# Replacing drywall with tiled walls (bathroom)



## mattpdx (Sep 10, 2010)

I'm looking at remodeling my bathroom and removing the drywall on the walls, replacing them with something more suitable for covering with tile.

At least one part of the bathroom will have a new built-in shower, so the tile needs to go all the way up to the ceiling.  Not sure about the rest of the bathroom, it might only go halfway up etc.

The question is, how far up should I tear the drywall out?  If I go all the way to the top, that involves the corner with the ceiling, which gets messy.

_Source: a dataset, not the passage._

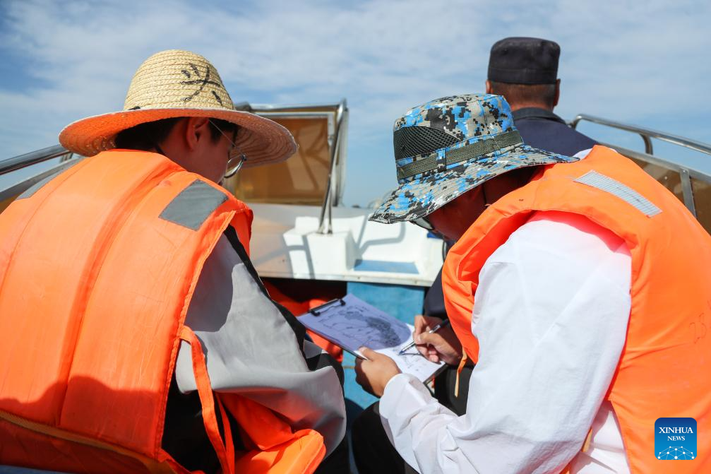 Team member Feng Chen measures the depth of water at an area of the Ulan Suhai Lake in Bayannur, north China's Inner Mongolia Autonomous Region, Sept. 15, 2023. (Xinhua/Wang Kaiyan)

Should I just try to carefully cut the corner where it meets the ceiling and tear out the whole thing?  Or should I leave a 4 inch strip right below the ceiling?  Would it be OK to tile over a small strip of drywall like this?

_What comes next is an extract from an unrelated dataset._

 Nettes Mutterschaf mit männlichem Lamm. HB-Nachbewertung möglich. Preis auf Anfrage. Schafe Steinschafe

I'm not against doing extra work to make sure things get done the "right" way, I just need to figure out what the "right" way is!

Thanks for the help!


----------



## budro (Sep 11, 2010)

you can put tile over sheetrock where it will not be getting wet. as far as the ceiling goes you do not have to go all the way to the ceiling unless you want to. to determine how high you want to go, look everything over good and see what items need to be covered or not. i.e., look at the switches and plugs on the wall outside the shower/tub.
you want your tile to be at least a couple of inches over them. look at your shower head. if you do not go all the way to the ceiling, then go a couple of inches over the shower head. if you are not going to go all the way to the ceiling, then you don't have to worry about the wall to ceiling problem. where you cut your sheetrock to place backerboard up, just cut the rock an inch or two lower than the tile. this will solve your tile to rock transition. i lay a lot of tile over sheetrock where it will not be getting wet. if you have an inch or so of your top and side cap tile over rock you are ok. for how far down from the ceiling to come, do at least a three inch minimum if you can to stay away from the ceiling/wall  corner and that will keep you from having to deal with the ceiling. plan your project out good first. once you know the size of your tile, then you can take a tape measure and figure it out. on the walls, start from the center. either a grout joint OR the center of a tile will work best in each corner. usually i go for which one gives me the biggest "cut" piece in the corner. do your homework up front and it will save you from the pain later. thanks, budro


----------



## Nestor_Kelebay (Sep 11, 2010)

Mattpdx:

I've set more than my fair share of wall tiles, too.

I don't see any problem going all the way up to the ceiling in the shower, and I don't see any point in tiling walls that won't be in a wet area.

Tiling walls that aren't in a wet area, in my view, is only creating potential problems.  If someone accidentally hits one of those tiles with something hard, it's going to crack the tile, and the repair is going to be a lot more difficult than repairing a gouge in drywall.

Ditto for stains.  Unless you seal your grout, there's the possibility of getting a stain in the grout if you splash the wrong stuff on on a tiled wall.  You can always paint over drywall to "fix" stained paint, but you need to replace stained grout.  Almost all of the maintenance issues homeowners have to deal with when it comes to ceramic tiling involve maintaining the grout.  Why give yourself more work to do by installing more grout than you need to?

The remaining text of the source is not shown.